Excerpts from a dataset
▼▼▼
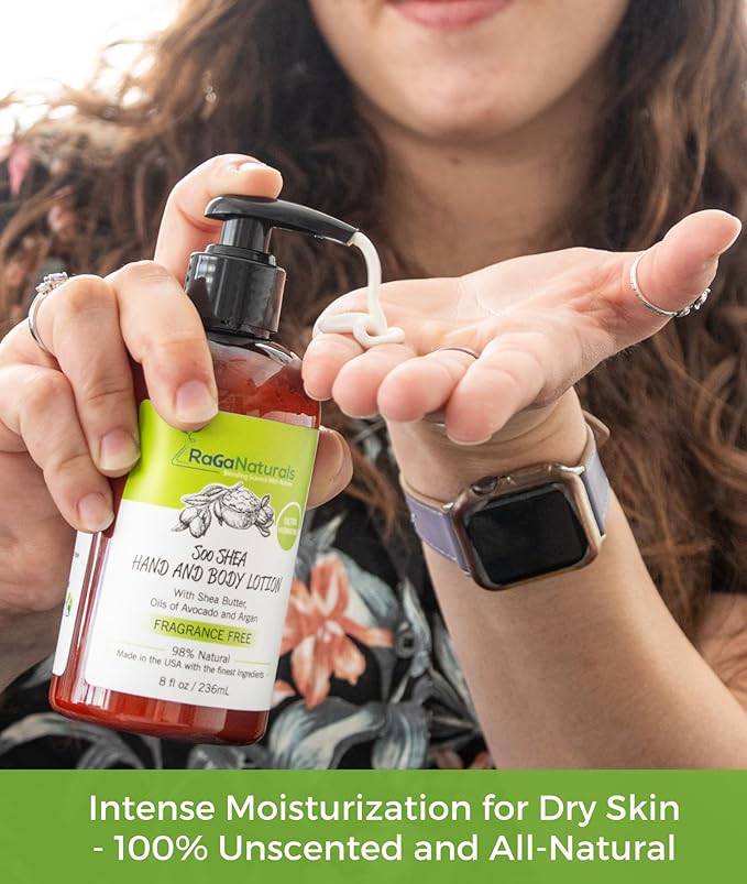 RaGaNaturals Natural Unscented Body Lotion for Dry Skin with Shea Butter and Vitamin E & B5 - Hydrating, Nourishing, Fragrance Free Hand Moisturizer With Organic Essence - For Women, Men, Kids - 8 Oz
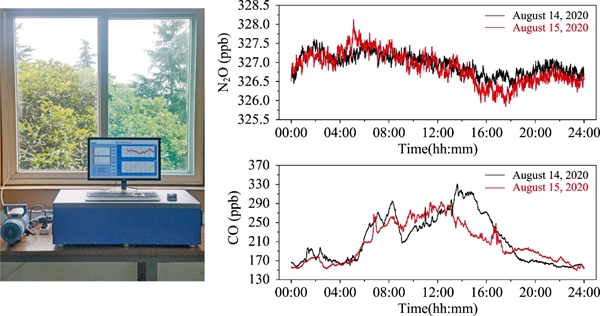 团队成员陈家金助研、邵李刚博士等人自主设计了改进怀特池,在34.5 cm的基长下获得了76 m的有效光程,结合使用中心波长4.5 μm的ICL激光器和射频噪声源,研制了大气温室气体N2O和CO高精度探测仪。通过进一步精确控制系统的温度和压力,在0.1 Hz下,连续24小时对N2O和CO的测量精度分别为65 ppt和133 ppt,每日漂移量均小于1.5 ppt。
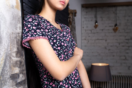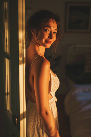 Beautiful young woman in bedroom, she is wearing a nice summer dress.
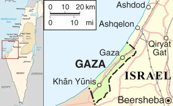 Map of the conflict area around the Gaza strip; Mor, Public domain, via Wikimedia Commons
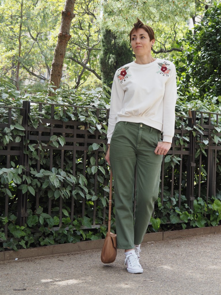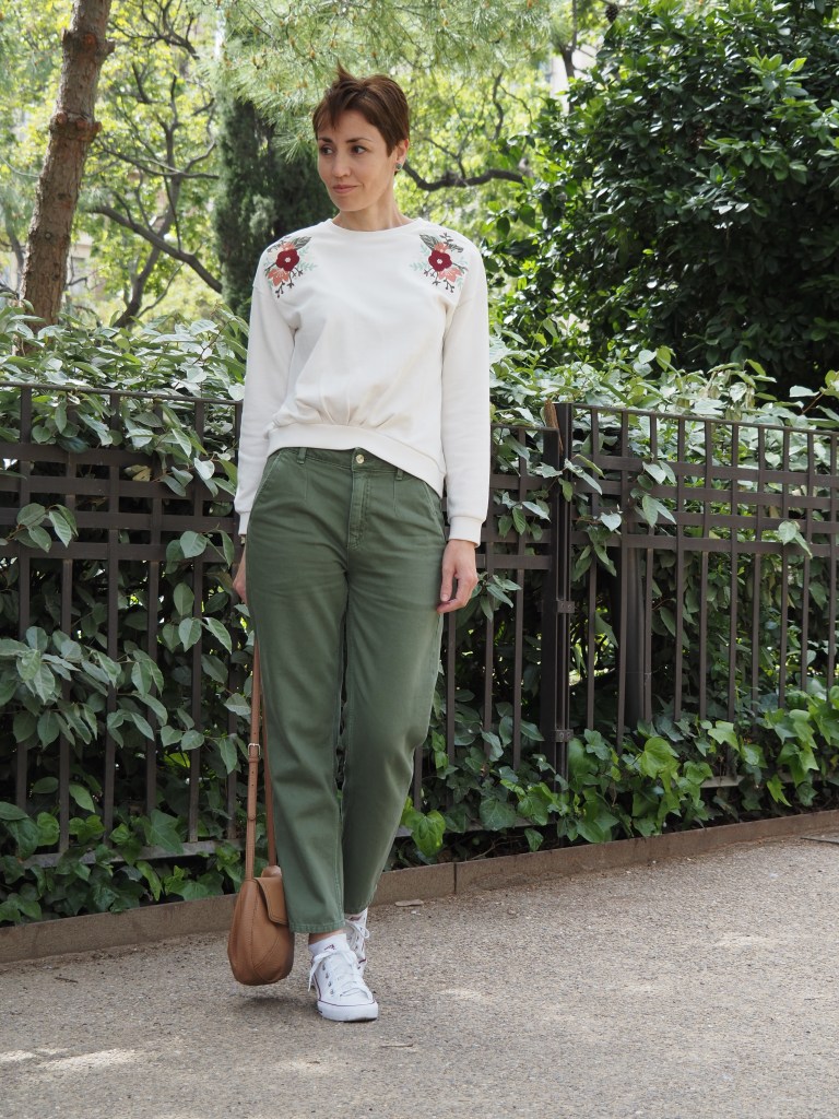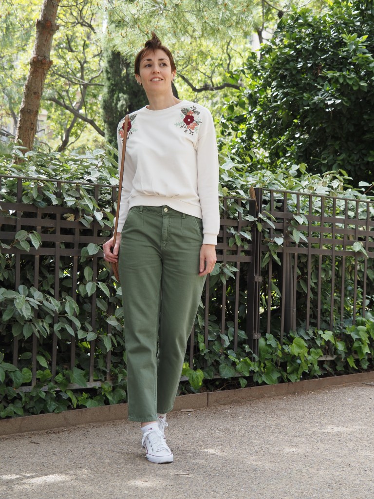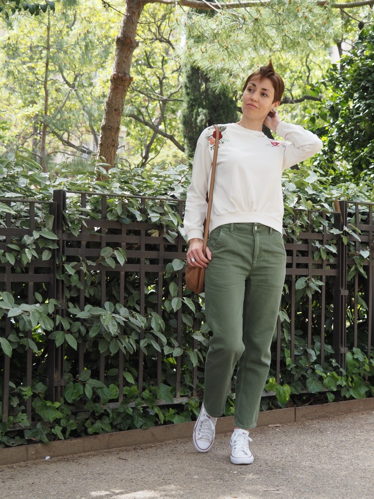 ¡Hola! En este post os comparto un look super cómodo en el que combino un pantalón de corte entre «slouchy» y «mom», una sudadera con detalle de flores bordadas en los hombros y las converse blancas que tanto me gustan para infinidad de looks de primavera y verano.
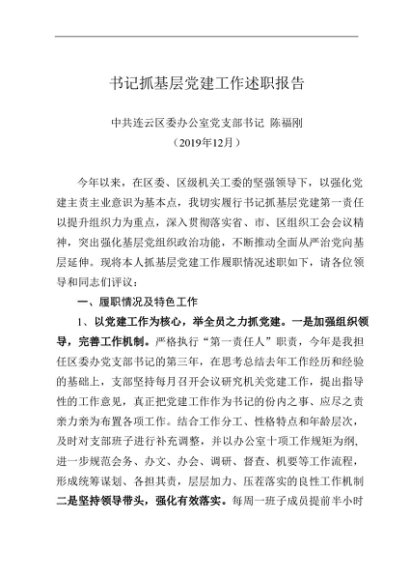 / 述职报告:2019年度书记抓基层党建工作述职报告(区委办)
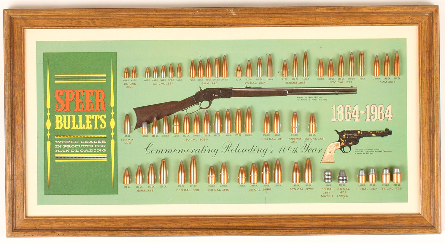 Speer Bullet Board, pictures Model 1873 Winchester & Colt SAA revolver, all bullets intact. Grade: Excellent + - Value: 70 to 250
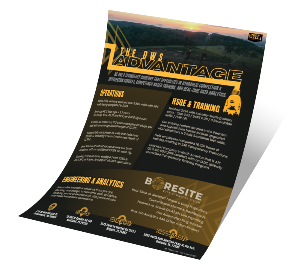 Deep Well Services (DWS) is an API/Q2 registered company specializing in competency-based training, real-time data analytics, and hydraulic completion & workover services.
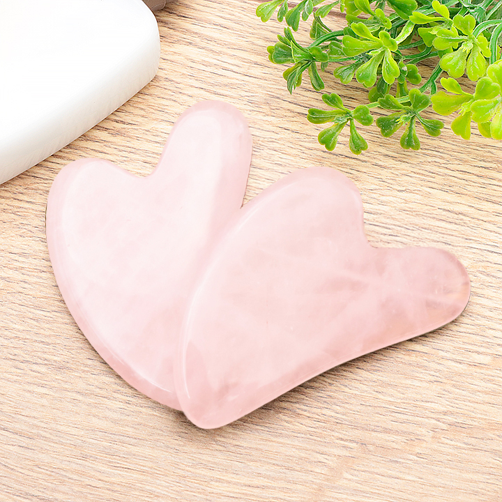 Gua sha corazón 80mm cuarzo rosa Brasil A (set 3 piezas)
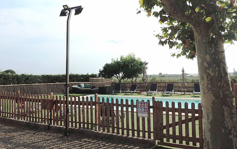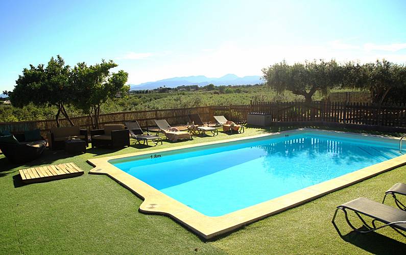 A pocos metros de la casa, se encuentra la piscina de 5 x 9 m. en la que podrá tomar un baño incluso en los dias soleados de primavera y otoño gracias a su manta térmica que mantiene el agua a buena temperatura. También podrá tomar el sol en sus cómodas tumbonas.
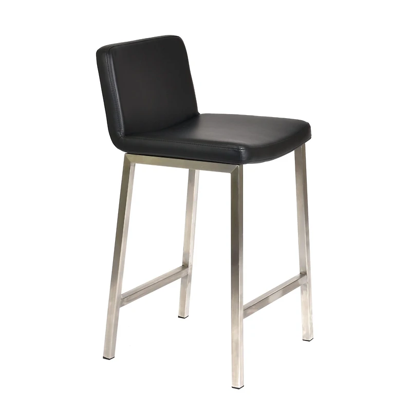 Sleek and sophisticated, this counter stool features a smooth leatherette seat and backrest paired with a brushed stainless steel frame for a clean, contemporary look. Its minimalist silhouette and supportive design make it a versatile choice for mo
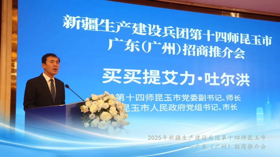 推介會(huì)上,買買提艾力·吐?tīng)柡樵敿?xì)介紹了第十四師昆玉市紅色精神之重、自然風(fēng)景之美、政策機(jī)遇之足、高效服務(wù)之暖、產(chǎn)業(yè)發(fā)展之需,彰顯了師市“海納百川、廣交朋友,融商聚力、合作共贏”的招商理念,表達(dá)了師市“招商為要、項(xiàng)目為王、產(chǎn)業(yè)為基”推動(dòng)高質(zhì)量發(fā)展的堅(jiān)定信心,展現(xiàn)了持續(xù)擦亮昆玉“四最四心”營(yíng)商環(huán)境品牌的堅(jiān)強(qiáng)決心,承諾拿出最好政策、最高禮遇、最優(yōu)資源、最佳服務(wù),誠(chéng)邀各位企業(yè)家到這片熱土施展抱負(fù)、落地發(fā)展、投資興業(yè),讓廣東智慧在祖國(guó)邊陲綻放異彩,讓粵昆兩地?cái)y手共創(chuàng)更加美好的明天。
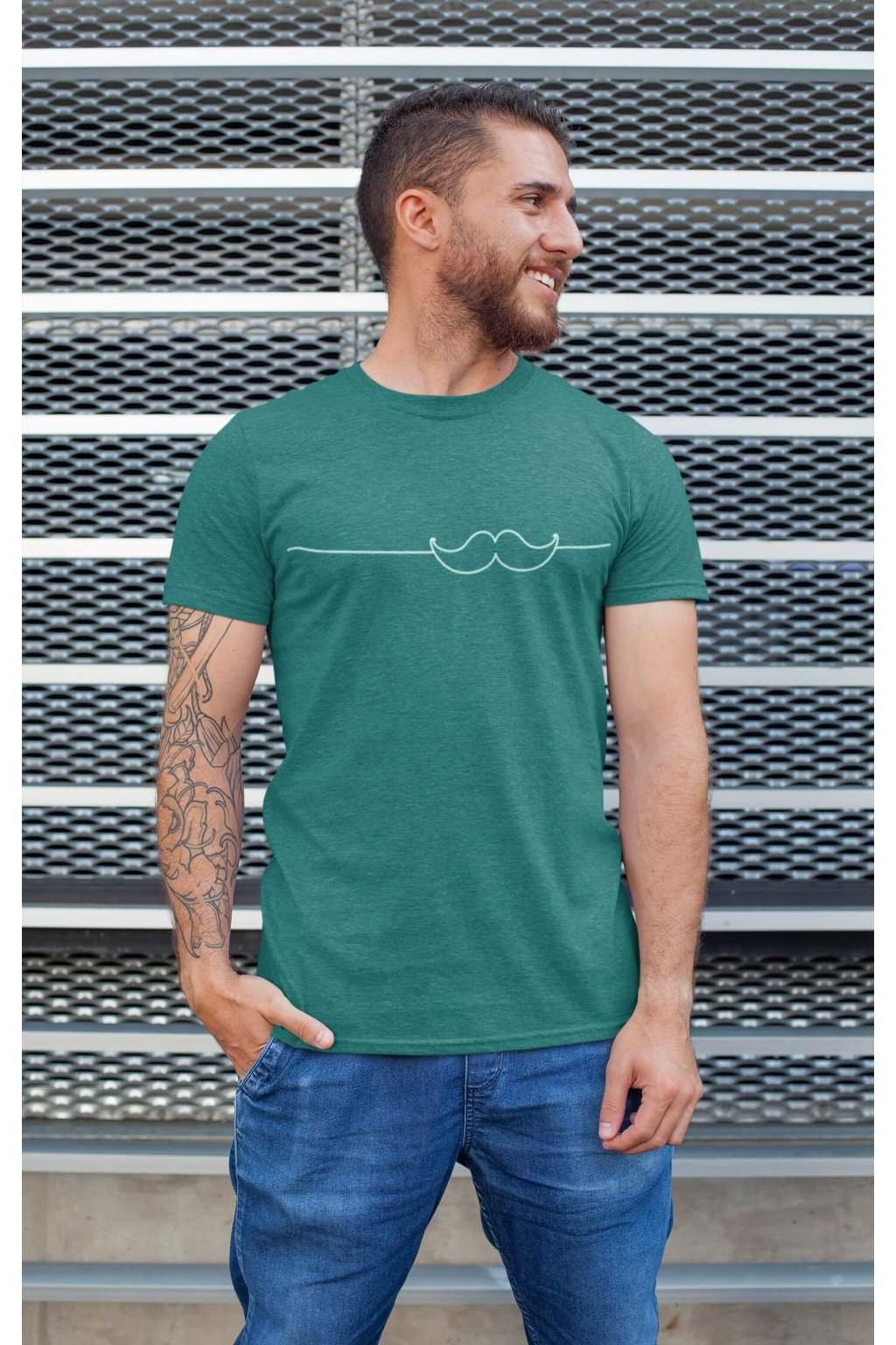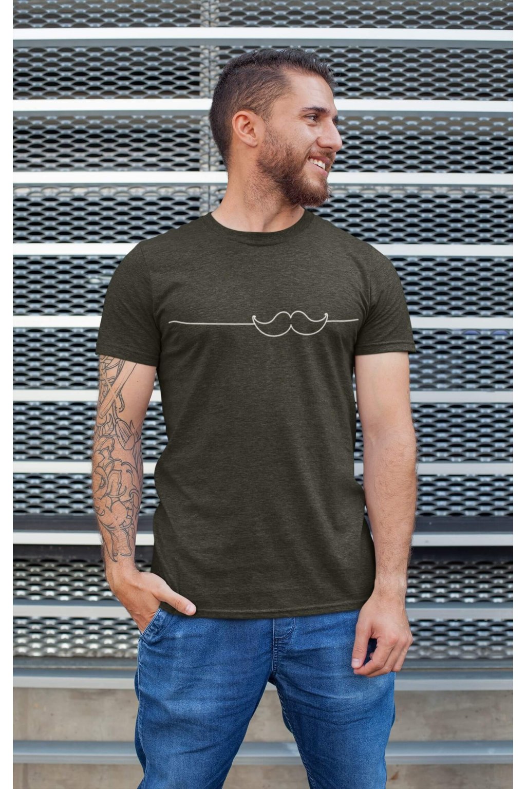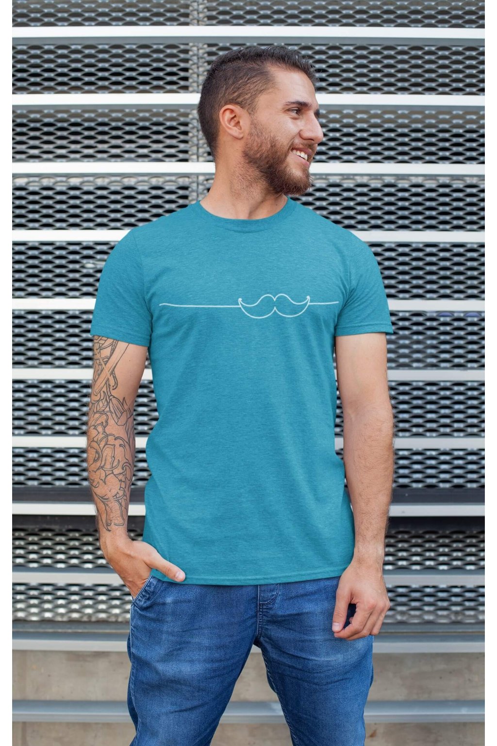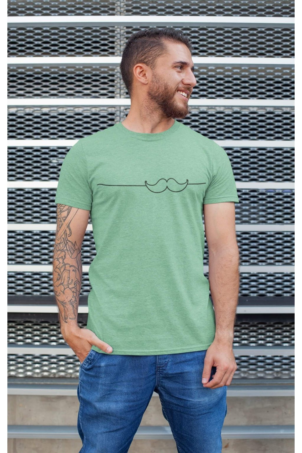 Pánske bavlnené tričko s krátkym rukávom s originálnou potlačou. Na tričku je obrázok fúzikov.
▲▲▲
TASK:
Quote word for word only the lines above from the one containing "Speer Bullet Board, pictures" through the one containing "Gua sha corazón". Pictures stay out of your copy.

REPLY:
 Speer Bullet Board, pictures Model 1873 Winchester & Colt SAA revolver, all bullets intact. Grade: Excellent + - Value: 70 to 250
 Deep Well Services (DWS) is an API/Q2 registered company specializing in competency-based training, real-time data analytics, and hydraulic completion & workover services.
 Gua sha corazón 80mm cuarzo rosa Brasil A (set 3 piezas)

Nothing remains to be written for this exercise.